Sie wollte Himmel und Hölle vernichten
19:30 - 21:00
8005 Zürich
Auf den Spuren von Rabi’a, der Sängerin der Gottesliebe
Eine Frau läuft durch die Straßen einer Stadt. Sie hält einen Krug mit Wasser in der einen, eine brennende Fackel in der anderen Hand. Man fragt sie: «Was hast du vor?». Sie antwortet: «Ich will Wasser in die Hölle gießen und Feuer ans Paradies legen, damit diese beiden Schleier verschwinden und die Menschen Gott nicht aus Furcht vor der Hölle oder aus Hoffnung aufs Paradies anbeten, sondern allein um Seiner urewigen Schönheit willen.»
Diese Geschichte ist eine von vielen, die in der islamischen Welt über Rabi’a al-Adawiyya erzählt werden. Geboren wurde sie zwischen 713 und 721 in Basra, im heutigen Irak. Sie war die erste Frau, die in einer von düsterer Askese geprägten religiösen Bewegung ihrer Zeit die Botschaft der uneigennützigen, absoluten Gottesliebe verkündete.
Ihre Geschichte und Botschaft gelangten durch die Kreuzzüge auch in die christliche Welt. Die muslimische Heilige fand Anhänger:innen unter Christinnen und Christen.

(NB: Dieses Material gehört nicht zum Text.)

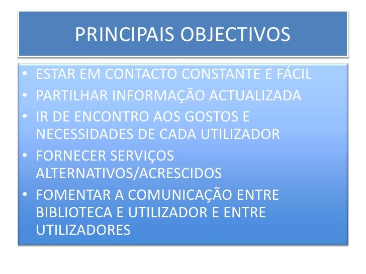 3. 3. PRINCIPAIS OBJECTIVOS<br />ESTAR EM CONTACTO CONSTANTE E FÁCIL<br />PARTILHAR INFORMAÇÃO ACTUALIZADA<br />IR DE ENCONTRO AOS GOSTOS E NECESSIDADES DE CADA UTILIZADOR<br />FORNECER SERVIÇOS ALTERNATIVOS/ACRESCIDOS<br />FOMENTAR A COMUNICAÇÃO ENTRE BIBLIOTECA E UTILIZADOR E ENTRE UTILIZADORES<br />

Fast tausend Jahre nach ihrem Tod klang ihre Stimme im heftigen theologischen Streit über «L’amour pur» («die reine Gottesliebe») in Frankreich noch nach.
Rabi’a verfasste keine einzige Zeile, hinterliess jedoch ein mündlich überliefertes spirituelles Werk von zentraler Bedeutung. Dieses Werk besteht aus sprichwörtlich gewordenen Äußerungen und schlichten, ergreifenden Gedichten. Darin sprach sie als Erste Gott in einer erotischen Sprache an – einer Sprache, die Parallelen zur Mystik der Heiligen Teresa von Avila aufweist.